## Activity
In this exercise, retype exactly and only the lines from the top of the entries below through the line that holds "夜カフェ向けのアルコールも充", omitting pictures.

## Records shown
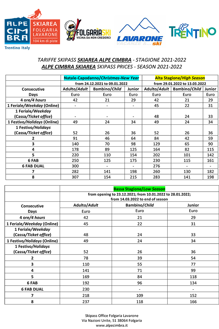 Skipass Folgaria Lavarone Fiorentini 2021/2022
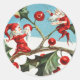 Gnomes painting holly berries in the snow classic round sticker
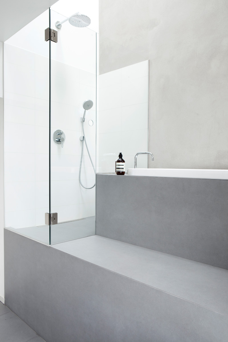 Bathroom: The bathroom incorporated several level changes, and by using large scale 100x300cm tiles, the impression is of one that is carved out of a single block of stone.
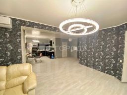 Квартира с современном ремонтом. Окна пластиковые (балкон застеклен панорамными окнами).
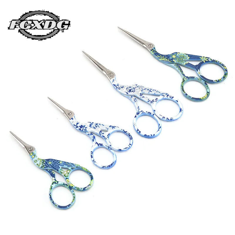 Высококачественные винтажные ножницы для рукоделия 2 размера, крановые ножницы из нержавеющей стали для шитья, цветная печать, ножницы для вышивки крестиком, пряжа
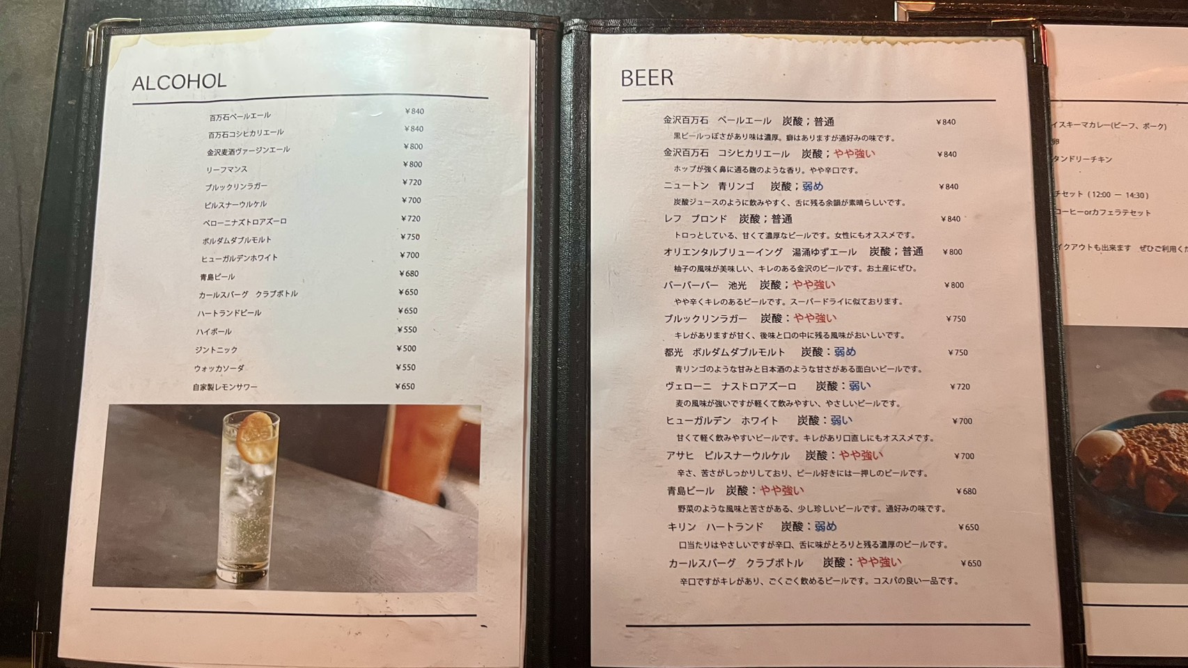 夜カフェ向けのアルコールも充実しています。炭酸の強度が書かれていたり、味のコメントがあるとすごく選びやすいですよね。いつも車で行くため、飲む機会はなかなかないですが、良いですね。
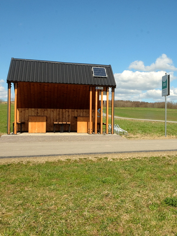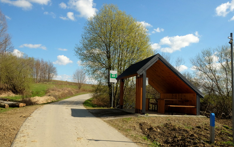 Jest ona jednym z najciekawszych punktów projektowanej przez gminę Zarszyn ścieżki pieszo-rowerowej. Zbudowano już kilka punktów tzw. MOR-ów (Miejsc Obsługi Rowerzystów), z których trzy będę jeszcze mijał na swojej trasie. Wtedy też więcej o nich opowiem. Przy wejściu do wiaty ustawiono obelisk z tablicą pamiątkową. Sam środek wiaty jest pusty ale przy wszystkich wewnętrznych ściankach ustawione są ławeczki. W jednym z narożników znajduje się skrzynka z zeszytem-księgą do pamiątkowych wpisów i pieczątką dla „kolekcjonerów i zdobywców” Korony Ziemi Sanockiej.
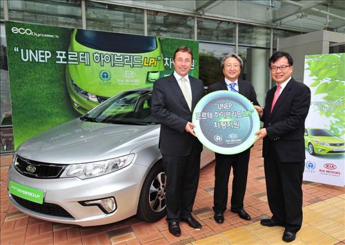 기아차는 지난 20일 대전 컨벤션센터에서 오 영 판매사업부장과 아킴 슈타이너 UNEP 사무총장이 참석한 가운데 기증식을 열었다. 슈타이너 사무총장은 "하이브리드 기술이 적용된 자동차는 연료 소비와 이산화탄소 배출량을 줄여 지구 온난화 방지에 큰 도움이 될 것"이라며 "하이브리드 자동차를 타는 사람들은 미래의 환경을 생각하는 소비자"라고 말했다고 회사 측은 전했다. UNEP에 전달된 포르테 하이브리드 LPi는 슈타이너 사무총장이 방한할 때마다 의전차량으로 사용된다. 평소에는 UNEP 한국위원회가 친환경 활동을 벌이는 데 활용될 예정이다. |
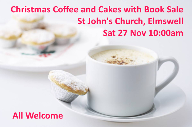 As we are unable to have our usual Christmas Fair this year, you are warmly invited to come to a Coffee and Cake morning at St John's on Saturday 27 November from 10:00am There will be yummy cakes, mince pies on sale to eat in or take home and a range of second hand books.
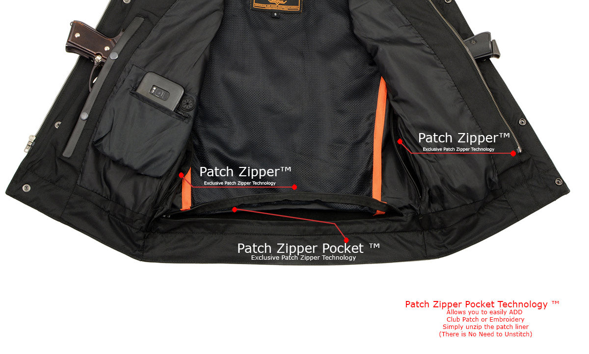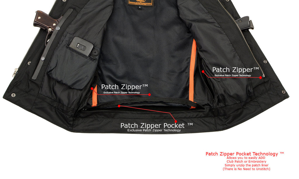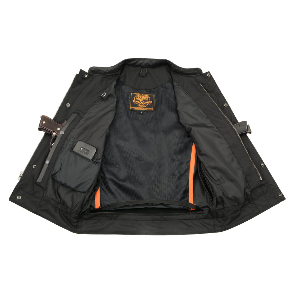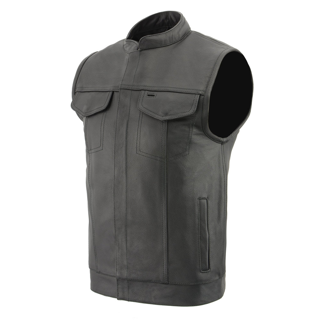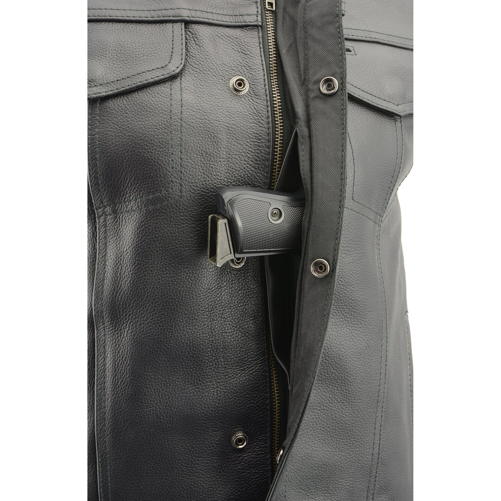 Milwaukee Leather LKM3713 Men's Leather Open Neck Snap and  Zip Front Club Style Vest with External Gun Pocket - Milwaukee Leather Mens Leather Vests
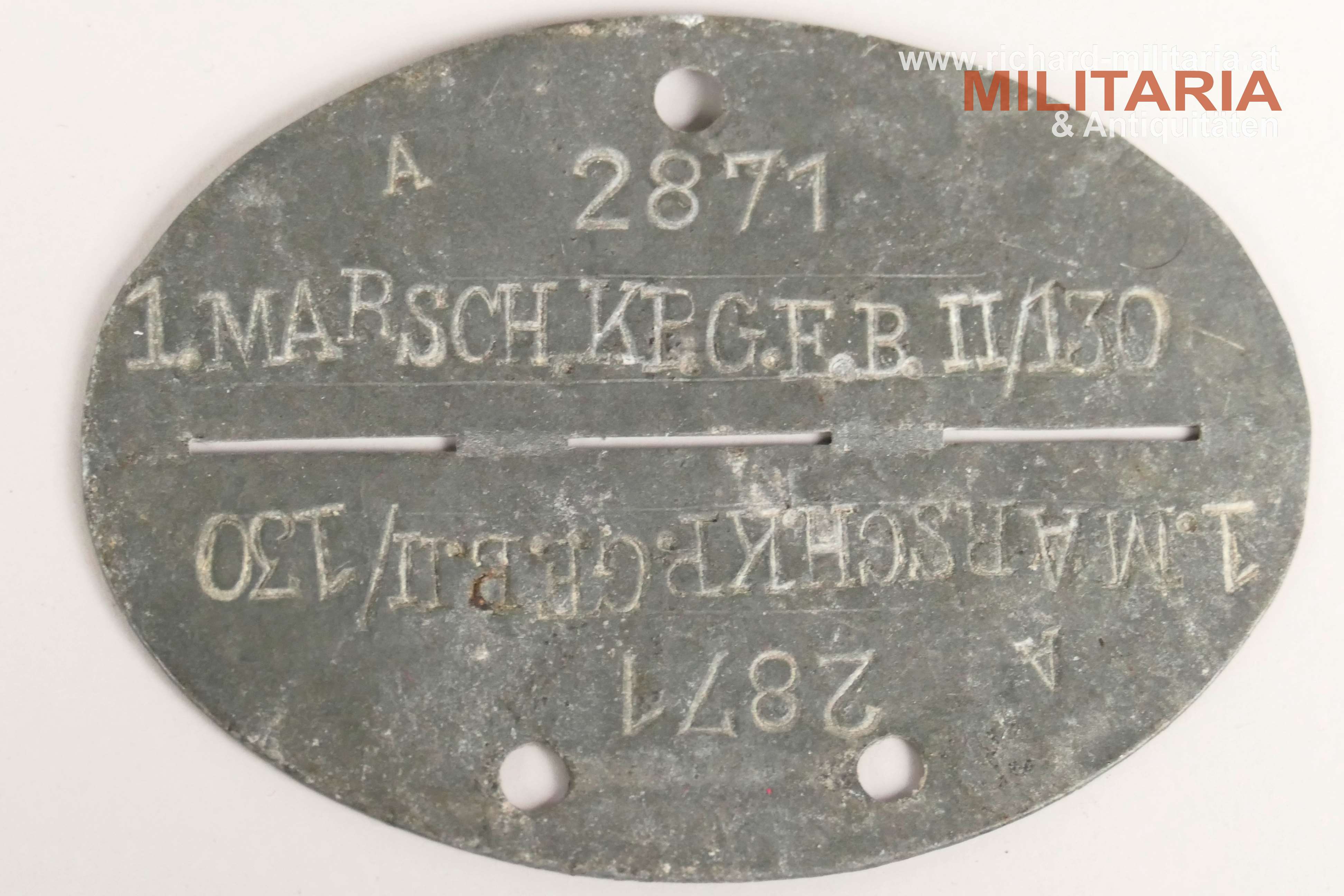 Wehrmacht Erkennungsmarke; Zink; 1. Marsch. KP. G.E.B. II/130 (Gebirgsjäger-Ersatz-Bataillion); guter Zustand
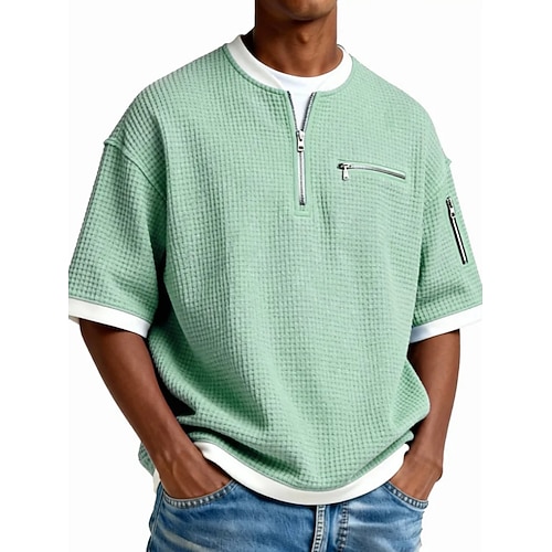 Da uomo Maglietta Waffle Maglietta Manica Corta Henley Estate Primavera Primavera Estate Tinta unica Moda Designer Casual Stratificato Finto due pezzi Casuale Quotidiano All'aperto Blu Verde chiaro
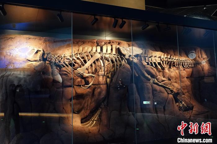 1月3日,目前亞洲規(guī)模最大的自然科學(xué)類專題博物館——中國古動物館(保定自然博物館)建成后正式面向公眾開放,圖為該館“鎮(zhèn)館之寶”之一的世界唯一中華猛龍“董氏中華猛龍”骨架化石。中新網(wǎng)記者 孫自法 攝
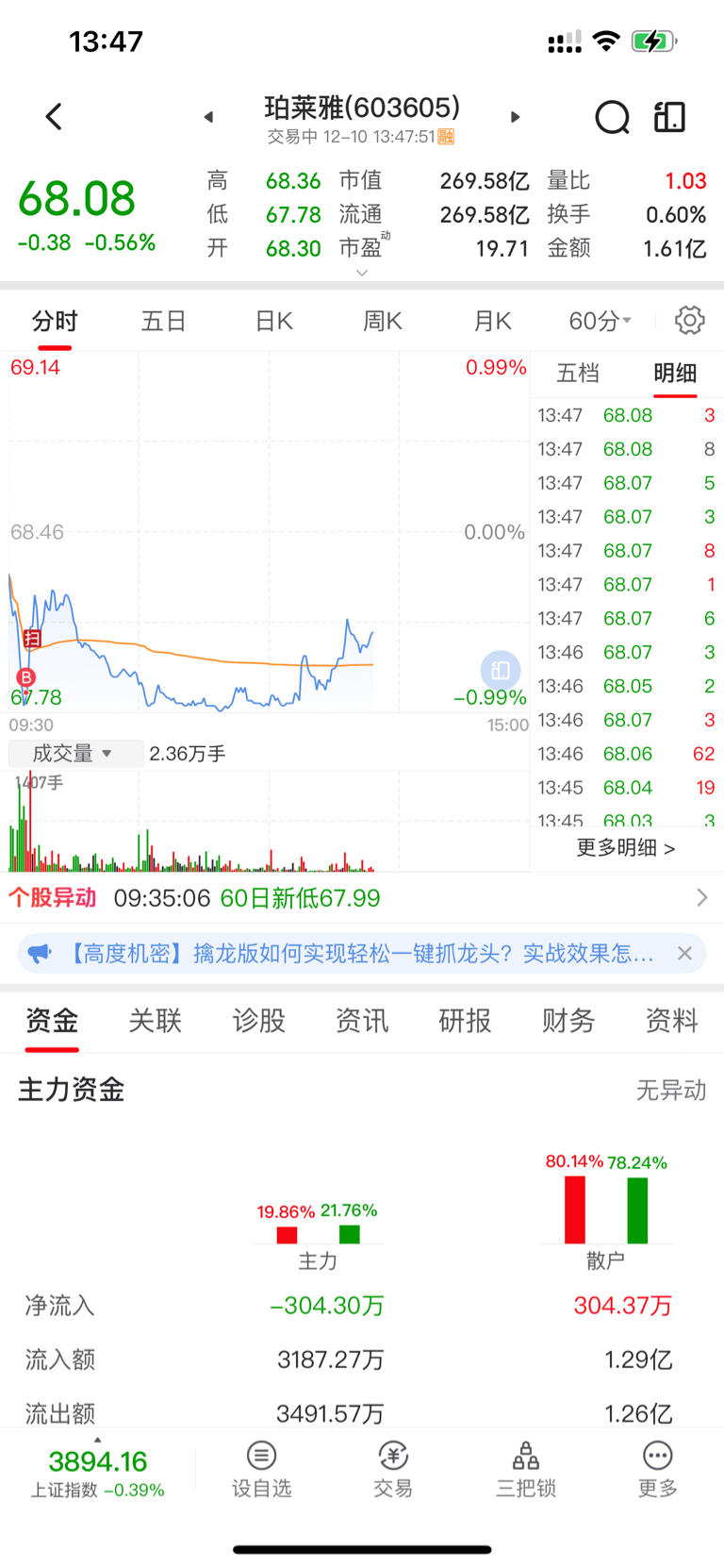 $珀莱雅(SH603605)$ 昨天69.5清仓今天接回还有谁

## Response to this exercise
 Skipass Folgaria Lavarone Fiorentini 2021/2022
 Gnomes painting holly berries in the snow classic round sticker
 Bathroom: The bathroom incorporated several level changes, and by using large scale 100x300cm tiles, the impression is of one that is carved out of a single block of stone.
 Квартира с современном ремонтом. Окна пластиковые (балкон застеклен панорамными окнами).
 Высококачественные винтажные ножницы для рукоделия 2 размера, крановые ножницы из нержавеющей стали для шитья, цветная печать, ножницы для вышивки крестиком, пряжа
 夜カフェ向けのアルコールも充実しています。炭酸の強度が書かれていたり、味のコメントがあるとすごく選びやすいですよね。いつも車で行くため、飲む機会はなかなかないですが、良いですね。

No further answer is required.